Five years later, I was ready to get into that canoe. That tippy freelance canoe. I opened my first DBA late in 1988, C. Jean Powell Design, and worked out of my apartment at 155 East Broad Street in Rochester. I had graduated from RIT in 1984, as a traditional t-square, drafting table and mechanical board artist; but by 1989 the computer was rapidly taking over as the tool of the trade, and I had to quickly re-train myself. I had a wonderful client: Professional Development Group, headed up by Ken Rabinowitz and Lori Drescher, who gave me a key to their offices, and let me come in at 5pm til whenever every night. In exchange for some design work, they gave me access to their little desktop computer, and Quark Express, where I began to learn everything I know now about design in the digital age. They really did secure my future. Thank you!
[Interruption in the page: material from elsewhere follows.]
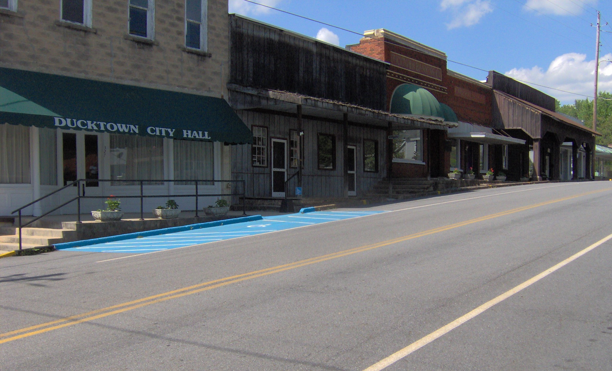 The Ducktown Historic District in Ducktown, Tennessee, in the southeastern United States.

Through a marriage and a divorce, and another marriage, my freelance work held steady. I had some lean years, but the year before my twin boys were born, 1995, I earned more money than I ever had before in one year, and more money than I ever have since!

Several times I went back to work in full-time capacities. The Regional Center for Independent Living, and the Center for Disability Rights let me do what I loved, in working in disability civil rights. Somewhere along the line, I realized I loved working with youth, and helping to bring their voices to the forefront in communications. My current job at Villa of Hope is probably my calling.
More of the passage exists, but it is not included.